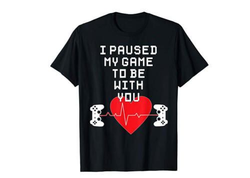 8943 People love thisYou have found yourself an adorable Valentines Day gift for your gaming husband or boyfriend, the search is over. It's an excellent way to show him you appreciate those moments he pauses his games so he can spend some time with you. As a classic fit and lightweight t-shirt, which is also machine washable, its perfect for everyday wear.
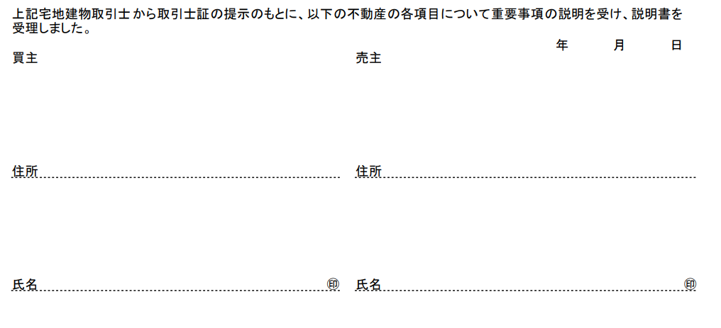 なお、重要事項説明は購入者に対して行うことが義務付けられていますが、売主に対して説明する法的な義務はありません。ただし、書式には売主の署名捺印欄が設けられ、実務上も売主に記載内容を確認してもらうことが推奨されています。これは購入者への説明の前提として、売主の同意を得ることで取引の透明性を確保するためです。
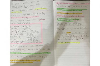 そんなコメントを添えて、みっかかんさんが引用リポストしたのは、自身が2023年2月9日に投稿した写真付きの投稿。3枚の写真には、びっしりと書き込まれた勉強ノートが写っています。英文と日本語訳、使える表現や慣用句などが箇条書きされ、ところどころにピンクやイエローなど4色の蛍光マーカーが引かれています。
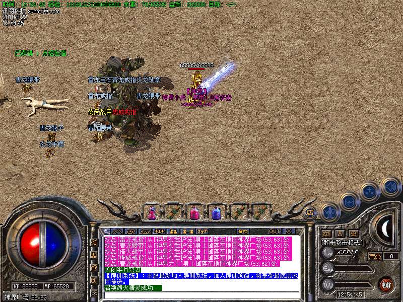 3.元宝获得方法:可打怪物直接爆出,也可打到多余的装备回收获得元宝,总之本服的元宝非常容易搞到.
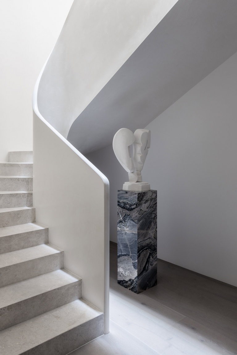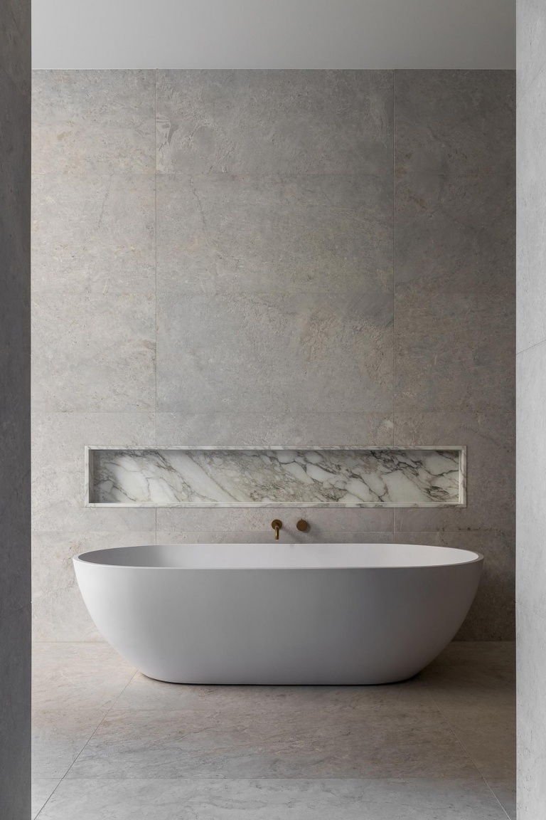 Split across four levels to navigate the expansive, sloping site, the layout is oriented by a central axis and vertical stairwell, establishing an intuitive and rhythmic journey throughout. The ambition to celebrate the journey through the home became a driving principle, guiding a nuanced approach to the sequencing of spaces.
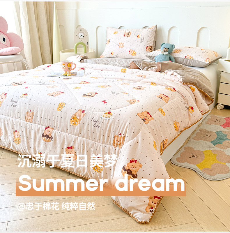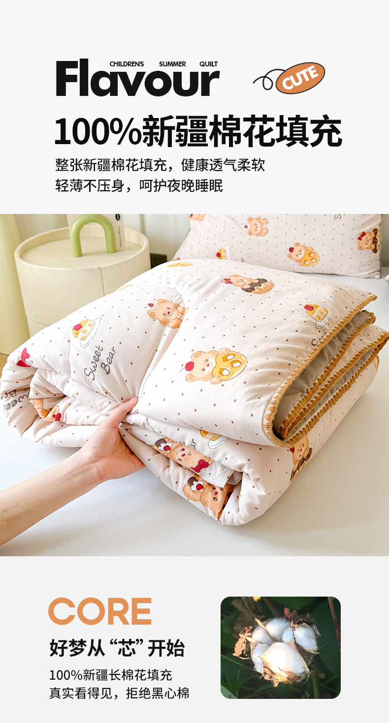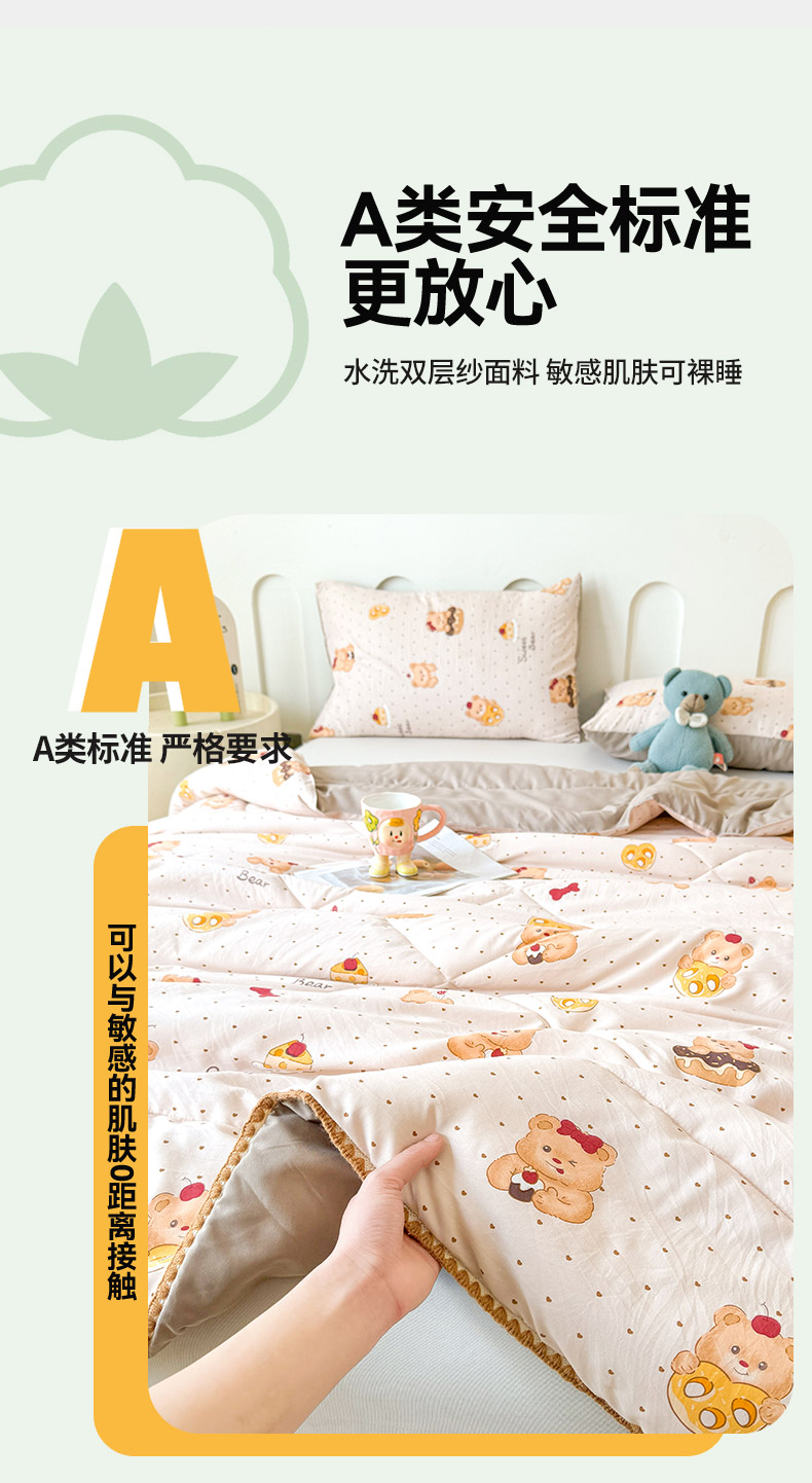 商品名称:熙宴家纺 2025新款A类水洗双层纱100%新疆棉花印花夏被空调被夏凉被 小熊蛋糕
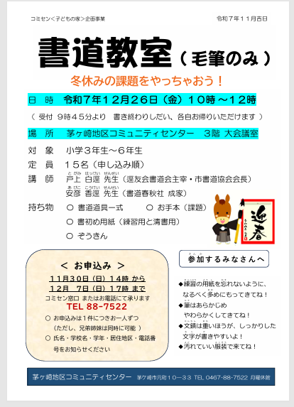 書道教室を開催します。冬休みの課題をやっちゃおう!
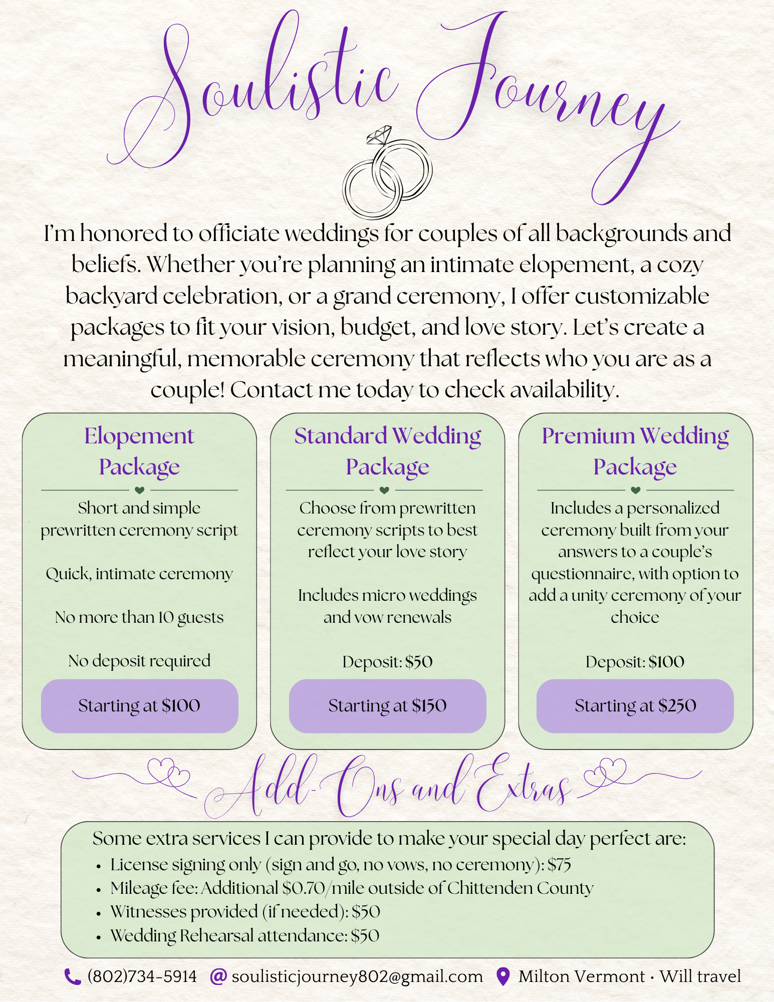 I’m a born and raised Vermont native with a genuine love for love and the care that goes into every wedding. Since becoming ordained in 2021, I’ve helped couples of all backgrounds celebrate their unique connection through personalized, heartfelt ceremonies. Whether your celebration is an intimate mountaintop elopement or a joyful gathering surrounded by loved ones, I’ll guide you through every step with warmth, clear communication, and genuine care. Together, we’ll create a ceremony that feels authentic, meaningful, and completely your own.

◆ ◆ ◆

BRIEF ▸ The material above must be reproduced line for line, with the images omitted.

RESULT OF THIS TASK ▸
 8943 People love thisYou have found yourself an adorable Valentines Day gift for your gaming husband or boyfriend, the search is over. It's an excellent way to show him you appreciate those moments he pauses his games so he can spend some time with you. As a classic fit and lightweight t-shirt, which is also machine washable, its perfect for everyday wear.
 なお、重要事項説明は購入者に対して行うことが義務付けられていますが、売主に対して説明する法的な義務はありません。ただし、書式には売主の署名捺印欄が設けられ、実務上も売主に記載内容を確認してもらうことが推奨されています。これは購入者への説明の前提として、売主の同意を得ることで取引の透明性を確保するためです。
 そんなコメントを添えて、みっかかんさんが引用リポストしたのは、自身が2023年2月9日に投稿した写真付きの投稿。3枚の写真には、びっしりと書き込まれた勉強ノートが写っています。英文と日本語訳、使える表現や慣用句などが箇条書きされ、ところどころにピンクやイエローなど4色の蛍光マーカーが引かれています。
 3.元宝获得方法:可打怪物直接爆出,也可打到多余的装备回收获得元宝,总之本服的元宝非常容易搞到.
 Split across four levels to navigate the expansive, sloping site, the layout is oriented by a central axis and vertical stairwell, establishing an intuitive and rhythmic journey throughout. The ambition to celebrate the journey through the home became a driving principle, guiding a nuanced approach to the sequencing of spaces.
 商品名称:熙宴家纺 2025新款A类水洗双层纱100%新疆棉花印花夏被空调被夏凉被 小熊蛋糕
 書道教室を開催します。冬休みの課題をやっちゃおう!
 I’m a born and raised Vermont native with a genuine love for love and the care that goes into every wedding. Since becoming ordained in 2021, I’ve helped couples of all backgrounds celebrate their unique connection through personalized, heartfelt ceremonies. Whether your celebration is an intimate mountaintop elopement or a joyful gathering surrounded by loved ones, I’ll guide you through every step with warmth, clear communication, and genuine care. Together, we’ll create a ceremony that feels authentic, meaningful, and completely your own.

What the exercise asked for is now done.